By default, the wizard creates a file in which each physical record corresponds to one logical record. You can override the default to create a file composed of logical records that correspond to multiple physical records.
Number of physical records for each logical record: The data file contains a fixed number of physical records for each logical record.
PHYSICAL_RECORD1 PHYSICAL_RECORD2 PHYSICAL_RECORD3 PHYSICAL_RECORD4
In the preceding example, if the number of physical records for each logical record is 2, then PHYSICAL_RECORD1
and PHYSICAL_RECORD2
form one logical record and PHYSICAL_RECORD3
and PHYSICAL_RECORD4
form the second logical record.
End character of the current physical record: The data file contains a variable number of physical records with a continuation character at the end that signifies that the record is continued in the next physical record.
In the following example, the continuation character is a percentage sign (%) at the end of the record.
PHYSICAL_RECORD1% PHYSICAL_RECORD2 end log rec 1 PHYSICAL_RECORD3% PHYSICAL_RECORD4 end log rec 2
Start character of the next physical record: The data file contains a variable number of physical records with a continuation character at the beginning of each physical record that signifies that the record continues from the previous physical record.
The following example shows two logical records with a continuation character at beginning of the record.
PHYSICAL_RECORD1 %PHYSICAL_RECORD2 end log rec 1 PHYSICAL_RECORD3 %PHYSICAL_RECORD4 end log rec 2
More than two records can be joined with this technique. The following example shows four physical records for each logical record using continuation at beginning.
PHYSICAL_RECORD1 %PHYSICAL_RECORD2 %PHYSICAL_RECORD25 %PHYSICAL_RECORD26 end log record 1 PHYSICAL_RECORD3 %PHYSICAL_RECORD4 %PHYSICAL_RECORD45 %PHYSICAL_RECORD46 end log record 2
When defining an existing file, indicate the number of records to skip at execution time in Skip rows.
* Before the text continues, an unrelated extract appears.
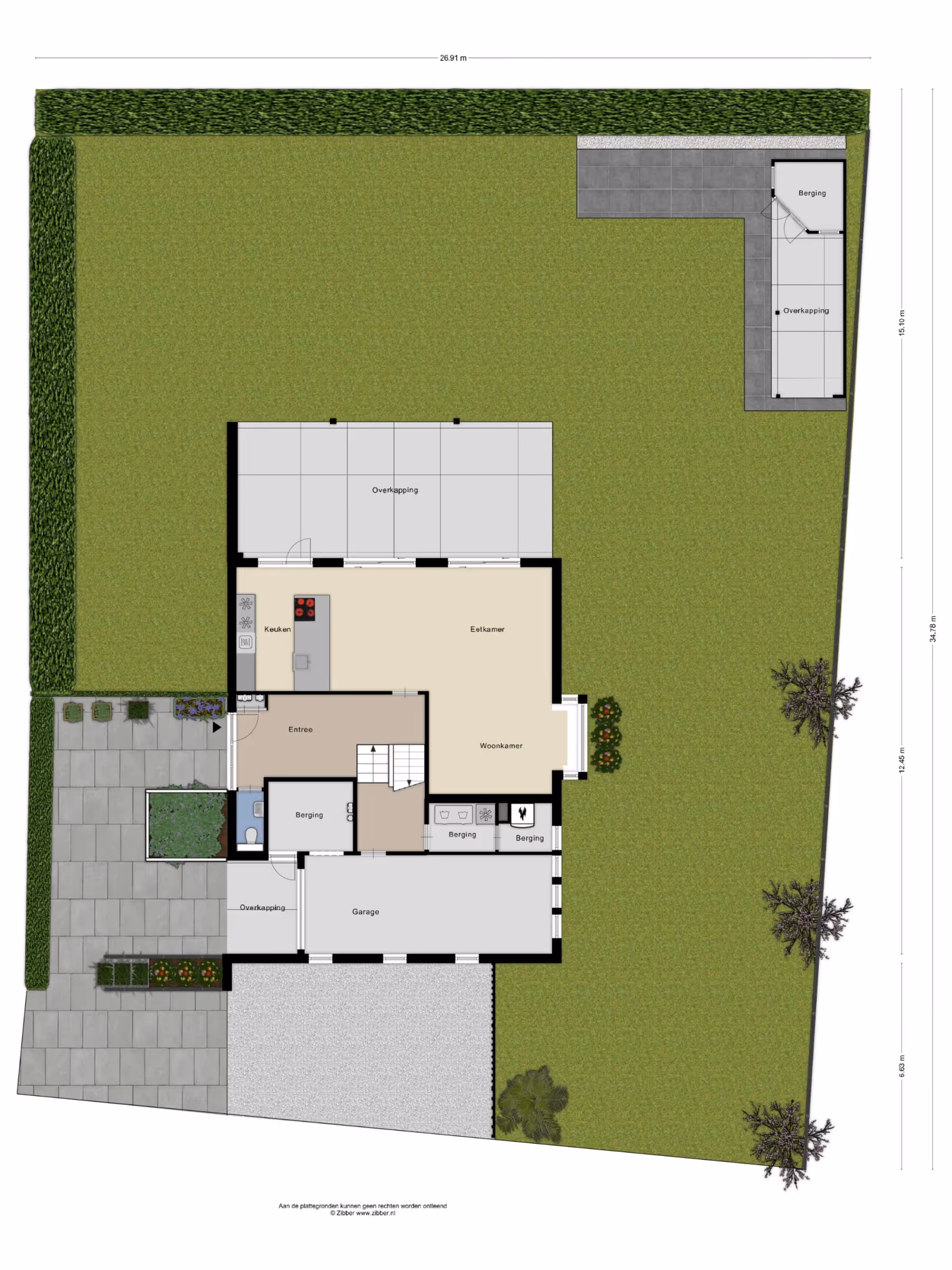 De tuin is een oase van privacy, met een terras met terrasoverkapping van 45 m², een zeer riant gazon en een 2e terras met terrasoverkapping, met houten tuinberging. De tuin is geheel omheind en door de hoekligging heb je altijd zon in de tuin, waardoor het hier heerlijk vertoeven is op warme zomeravonden. Tenslotte beschikt het huis over een oprit, welke geschikt is voor meerdere voertuigen.

This is useful for skipping over header and field name records.
When creating a new target file, you can leave this value blank.
Select between Fixed Length and Delimited formats for the file.
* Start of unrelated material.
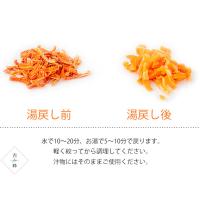 ![]() 国内産原料の人参の美味しさをそのまま閉じ込め、熱風乾燥させています。 お味噌汁やお鍋には、そのままいれるだけ!すでに刻まれているので包丁いらずの簡単調理が可能です! 【栄養豊富な国産のにんじん使用】 人参は野菜の中では炭水化物が多く、蔗糖を多く含んでいるために、特有の甘味があります。 栄養も豊富で、ビタミンB1・B2・C、カリウム、食物繊維も多く含まれています。 カロテン類が豊富で、根菜類では唯一の緑黄色野菜に分類されています。 ニンジン特有の色は含まれている栄養素の一つのβ-カロテンによるもので、その含有量が少ないと赤みが少なくなってしまいます。 ![]() 安全で美味しく、常備しておくだけで便利な逸品です!いろいろとアレンジするだけで、多彩な料理をお楽しみ頂けます。ぜひ、ご賞味ください! ![]() ![]() スプーン一杯で1人前分くらいですが、お好みで調整してお召し上がりください。 90度?100度くらいのお湯で5分?10分程で戻ります。軽く水気を切ってから調理してください。 汁物にはそのままご使用ください。 ![]() 保存性も良く、一人暮らしの方にもおすすめです! 一人暮らしだと野菜を買っても使い切れない事がありますよね。乾燥野菜は必要な分だけ使えて、何か月も保存ができます。野菜不足の解消に役立ちます。 ■いろいろな方法でお召し上がりください。 ![]() 旬の山菜と合わせて栄養豊富で旨味たっぷりの炊き込みご飯で召し上がってみて下さい。 他の具材と一緒に入れて炊飯器のスイッチを入れるだけです! キンピラはあらかじめ熱湯で戻し、他の具材と合わせてフライパンにごま油をひき、しんなりするまで炒めます。 あとは、調味料で味を整えて完成です!お好みで最後にゴマなどをかけても風味がよくなりますよ。 サラダと一緒に合わせてもオススメです。 食べやすい形にカッティングされているので、あとはお好みの具材とドレッシングをかければサラダの完成です! そのまま味噌汁やスープに入れたりもどして煮物や和え物の彩にお使い下さい。 調理の仕方で幅広くお使い頂けますので、ご家族と一緒にお楽しみください。 ![]() カット済みなので、インスタントみそ汁・カップラーメン・カップ焼きそば等へのちょい足しにもおススメです。他の料理のトッピングにも合わせやすいと思います。 ![]() 洗ったり、切ったりの手間が必要ないのが特徴です。 忙しくて買物にいけなかったり、ひどい天候が続いた日や体調が優れない時などに役立つと思います。 欲しい時に欲しい分だけ調理してお楽しみ頂けます。 ![]() 常備しておくと乾燥野菜の便利さをわかっていただけると思います! 簡単に調理ができて、密封しておけば長期保存もできる優れものです!幅広い料理にご使用ください!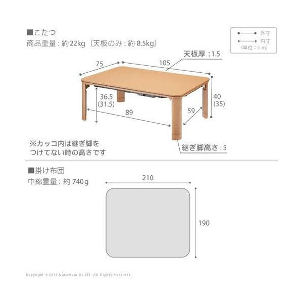 kag-36105 こたつ 掛布団 セット こたつテーブル 折りたたみ 長方形 調節 高さ調整 昇降 継ぎ足 フラットヒーター 105×75 センターテーブル ローテーブル こたつ布団 北欧

To create a delimited file, specify the following properties:
Field delimiter: Field delimiters designate where one field ends and another begins. You can enter a field delimiter or select one from the list. The list displays common field delimiters. However, you may enter any character as a delimiter except the ones used for enclosures. The default is the comma (,). You can provide multiple characters as well as hexadecimal characters as a delimiter. The hexadecimal character format is x'<hexadecimal string>'
or X'<hexadecimal string>'
. For example, to specify the pipe symbol (|) as the delimiter, use its hexadecimal value x'7C'
.
Enclosures (Left and Right): Some delimited files contain enclosures that denote text strings within a field. If the file contains enclosures, enter an enclosure character in the text box or select one from the list. The list displays common enclosures. However, you may enter any character. The default for both the left and right enclosure is the double quotation mark ("). You can specify multiple characters as well as hexadecimal characters as field enclosures.
Indicate whether the file you create is to contain a single record type or multiple record types. The default is set to Single Record.
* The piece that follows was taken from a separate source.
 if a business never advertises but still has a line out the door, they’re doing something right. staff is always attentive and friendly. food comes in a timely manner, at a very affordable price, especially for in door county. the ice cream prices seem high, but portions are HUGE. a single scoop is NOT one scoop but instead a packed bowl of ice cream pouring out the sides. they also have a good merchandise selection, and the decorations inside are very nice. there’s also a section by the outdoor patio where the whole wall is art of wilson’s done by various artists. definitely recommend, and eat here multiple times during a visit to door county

If the file contains multiple record types, select Multi Record. For each record type you want to create, specify values under Record Type Location and then its type value and record name.
Valid entries for Record Type Location depend on the field format you selected on the File Properties page, fixed length or delimited fields.
For example, if you specify the fields as delimited, then indicate the field position as shown in Figure 3-3.
For fixed-length files, the page displays two fields, Start Position and Length, under Record Type Location. Indicate the start position and the length of the field.
Use the Field Properties page to define properties for each field.
Since you can use a flat file in a mapping either directly as a source or a target, or indirectly through an external table, the Field Properties page shows both SQL*Loader Properties and SQL Properties. Use the scroll bar to scroll to the right and view all the properties.
The first set of properties the wizard displays are for the SQL*Loader utility. When you use the flat file directly as a source in a mapping, SQL*Loader and the properties you set here are used. SQL*Loader properties include details of how the following are mapped to a relational table: Type, Length, Precision, Scale, Mask, NULLIF, and DEFAULTIF. See Oracle Database Concepts for more details.
Type
Describes the data type of the field for SQL*Loader. You can use the wizard to import many data types such as CHAR
, DATE
, DECIMAL
EXTERNAL
, FLOAT EXTERNAL
, INTEGER EXTERNAL
, ZONED
, and ZONED EXTERNAL
. For complete information about SQL*Loader field and data types, see Oracle Database Utilities.
Length
For delimited files, specifies the maximum field length to be used by SQL* Loader.
Precision
Specifies the number of digits for certain data types such as Zoned and Float. See Oracle Database Utilities for more details.
Scale
Specifies the number of decimal digits for certain data types such as Zoned and Float. See Oracle Database Utilities for more details.
Mask
SQL*Loader uses DD-Mon-YY as its default date mask. You can override this default by entering a valid date mask when you describe the file. For example, if the input data has the format DD-Mon-YYYY rather than SQL*Loader default, you can enter the true format as a mask.
NULLIF
You can override the default action of SQL*Loader by placing a NULLIF condition on a field. For example, when a character field contains all blanks, you can direct SQL*Loader to mark the field as null rather than storing the blanks. Valid syntax for this field includes =BLANKS, ='quoted string', =X'ff' to indicate hexadecimal values, and != for 'not equal to' logic.
DEFAULTIF
You can override the default action of SQL*Loader by placing a DEFAULTIF condition on a field. For example, when a numeric or DATE field contains all blanks, SQL*Loader rejects the entire record. To override this action, type =BLANKS in the DEFAULTIF property. When SQL*Loader evaluates this condition, it sets the numeric field to zeros and loads the record. Valid syntax for this field includes =BLANKS, ='quoted string', =X'ff' to indicate hexadecimal values, and != for 'not equal to' logic.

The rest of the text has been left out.